I'm currently living in Pennsylvania, but I will be moving to Cuidad de Cuernavaca which is about 75km south of Mexico City. I'm an ex-truck driver and I often spent time in Mexican border towns. I saw the good, the bad and the ugly! My experience in Mexico led to my decision to relocate to Mexico when I retired in 2002. " she said that if you wear bling in the wrong parts of the city people will actually cut off your hands to take it!"; that quote is an urban story; no doubt that wearing excessive bling may get you mugged or worse! No different that the US or Europe! Discretion is the better part of display! Sounds like your husband needs to get his employment confirmed before you start packing boxes! Your husband would be eligible for a Professional Visa; should you plan to be likewise employed, you would be eligible for the same visa; your employer(s) would make the visa application. Here is a page link for info on Mexican visas Consulate General of Mexico - Visas this site will provide all the info for different types of visa and their requirements. Re daily life in Mexico, that is dependent upon your location city, suburban or rural. With the exception of Tijuana, Cuidad Juarez and Mexicali, most of my experience in Mexico has been with small towns and villages. As a visiting "******", I don't recall any bad cultural experiences; even though, at that time, I was not proficient in Latino Spanish. The furthest that I traveled into Mexico was maybe 50km, and it was along the California, Arizona and Texas borders. A security consideration today is the rebels of the Oaxaca state and the drug smuggling gangs, including the coyotes, along the border states with the US. As Querétaro is located northwest of Mexico City, I do not believe that you should encounter the banditos that work the US-Mexican border. Today, I would not visit many of the Mexican border towns, especially Nuevo Larado, as they can be very dangerous for foreigners.


----------



## oesgwynedd

I JUST returned from San Miguel de Allende and Queretaro last night! My husband and i are considering moving to SMA. It is beautiful.... a lot like Santa Fe New Mexico. The people are graceous and so helpful. One thing I did notice and my friends that do live there, is that they do not have heating or air conditioning.... i was either freezing or hot! lol.....

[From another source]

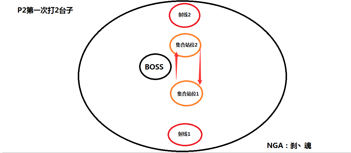 这个boss与H模式差别在与团队要跑4次过桥,其中1台子过桥到2台子是压力最大的因为会有坦克的AOE与强化手雷人员的压力。每个团队配置不同打法也会不同。我采取了一个相对来说对团队要求最低的跑位法,这里以画图的形式来表达。

as stated by others, i have lived near Juarez before and Tijuana most of my life. (I am now in Colorado and husband in Iraq), the interior of Mexico is wonderful and the people are wonderful too...... i wold not worry about the interior but the border towns......... you have to watch out.


----------



## golddust

Ok, good to know. San Miguel de Allende sounds interesting. What did you think of Querétaro? What's the climate like? And the town?

muchas gracias 
holly


----------



## larrydoliner

Just so you know, we live in Mexico City and have for over 4 years. The kidnap thing is completely overblown. I feel as safe in Mexico as anywhere else. There are also so many blondes in Mexico now. There is no more sterotyped look. Come to Mexico and have a ball! It's a fantastic place to live! if you have any question that I might have the answers to, please feel free to let me know. Larry


----------



## MarkNxxxxx

My friend is a tall redhead & she's 100% Mexican but no ones seems to think she's not Mexican. Queretaro (the city) is a really nice place. I have a friend (not the redhead) who has a rancho near there & we stay there every now & then. I was there in February & it was very cold in the mornings. I was told it can get very hot in the summer but I've never been there at that time as I don't like hot weather. I also found the people much nicer in Queretaro & the cars actually stop for pedestrians wishing to cross the street - that was a shock but then I do live in Mexico City. Personally, I feel Q is very safe when I'm there


----------



## arturo_b

golddust said:


> The reasons we're feeling unsure: The stat that Mexico is one of the countries with the most kidnappings in the world scares me.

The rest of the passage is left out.